Thursday, 30 July 2015

How to Maximize Ad Revenue with Google DFP


In order to maximize revenue from display advertising, the best thing you can do is sell your ad inventory directly to targeted advertisers willing to pay a premium rate. Of course, many publishers don’t sell all of their inventory directly and instead rely on network partners to monetize remnant inventory. Monetizing this unsold inventory is a major component of online monetization; optimizing the yield here can have a huge impact on your bottom line, especially if you have a significant base of existing traffic.
Many publishers find that there are often several pieces of low hanging fruit that can be picked in order to boost revenue. It’s not uncommon to add a few dollars to your total page RPM through the optimization practice. On a site generating getting 500,000 pageviews monthly, each $1 uplift in display ad RPM means a $500 increase in profit.
Multiple Networks
While many publishers rely on a single ad network (most commonly Google AdSense) to fill their unsold ad inventory, there is potential value in having multiple ad networks compete for your business. The benefit of this approach should be obvious: more competition means that you’ll earn more revenue if you’re able to only serve the highest yielding ads. As discussed below, this is much easier said than done.
Ad Network Competition
Using DoubleClick for Publishers (DFP) Small Business, the free ad serving platform offered by Google, it’s possible to have multiple ad networks targeted at a single ad unit. The goals here are to: 1) avoid missing out on impressions (i.e., a 100% fill rates) and 2) always serve the ads that will generate the highest revenue.
First off, if you have an AdSense account, you’re already approved for DFP Small Business. There are other ad serving platforms that can be used to run your display ads, but we’ve found DFP to be the best (especially for the price).
In this example, suppose we want to target a 300×250 ad unit with ads from four different networks :AdSense, Media.net and Kontera. Within DFP, follow these steps to get these line items competing:
1.      Create new Orders for the non-AdSense networks (i.e., Media.net, Chitika, and Kontera).

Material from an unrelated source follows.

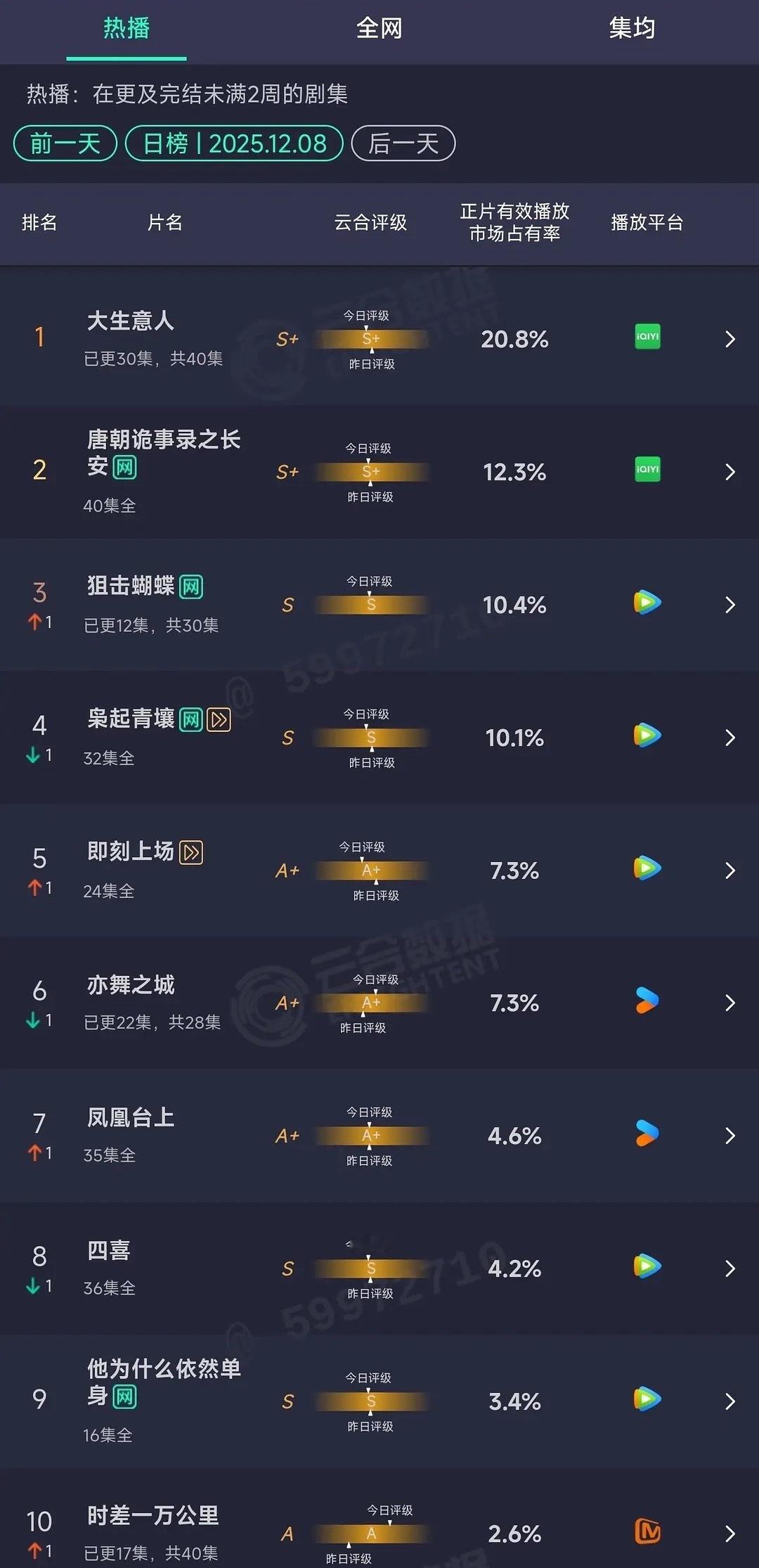 大生意人云合酷云占比都超百分之二十,越播越好啊,收视也古装第一

2.      Within each Order, create a Line Item targeting the desired ad unit.
3.      Set the Type to “Price priority” and the Limit to “None.” Select the option to enter in a Value CPM, and then input the approximate eCPM that the ad network yields. (More on this below.)
PricePriority
4.                  Upload the ad tags, and save the line item.
5.      Within DFP, click on the “Inventory” tab and find the relevant ad unit.

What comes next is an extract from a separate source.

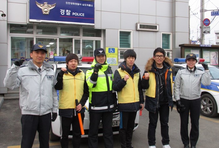 | ▲ 범죄우려지역 합동순찰 참가자들이 포즈를 취하고 있다. | ||

6.      Enable AdSense for the ad unit:

This final step brings AdSense into the equation; if DFP determines that AdSense can beat the “Value CPM” you entered, it will prioritize those ads.
Manual Problem
The obvious problem with this approach is that you need to know the CPM that each ad network generates for you. Because most ad networks work on a CPC system–meaning that revenue is earned when an ad is clicked and not necessarily just when it is displayed–you need to run ads from the network for a while in order to figure out the effective CPM these networks can deliver.

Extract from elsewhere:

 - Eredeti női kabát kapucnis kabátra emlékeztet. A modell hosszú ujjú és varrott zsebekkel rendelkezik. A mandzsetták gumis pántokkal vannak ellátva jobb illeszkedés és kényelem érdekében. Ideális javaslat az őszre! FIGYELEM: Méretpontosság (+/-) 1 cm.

So this process is essentially telling DFP which ad networks make the most money for you; it will fill any ad requests with ads from that network if available, and then move on to any lower performing ad networks if an ad is unavailable (i.e., if you can’t get 100% fill rate from your desired network). In order to get to the point where you know which ad networks make the most for you, you’ll need to do quite a bit of experimentation. For example, you might run each network in this ad position for a week at a time, and come up with results like:
Network
Impressions
Earnings
RPM
Network #1
250,000
$500
$2.00
Network #2
200,000
$500
$2.50
Network #3
300,000
$300
$1.00
Now you’d know the “Value CPM” for input into DFP (the far right column in the above). You’d basically be telling DFP to prioritize the code from network #2, unless AdSense can beat that $2.50 figure.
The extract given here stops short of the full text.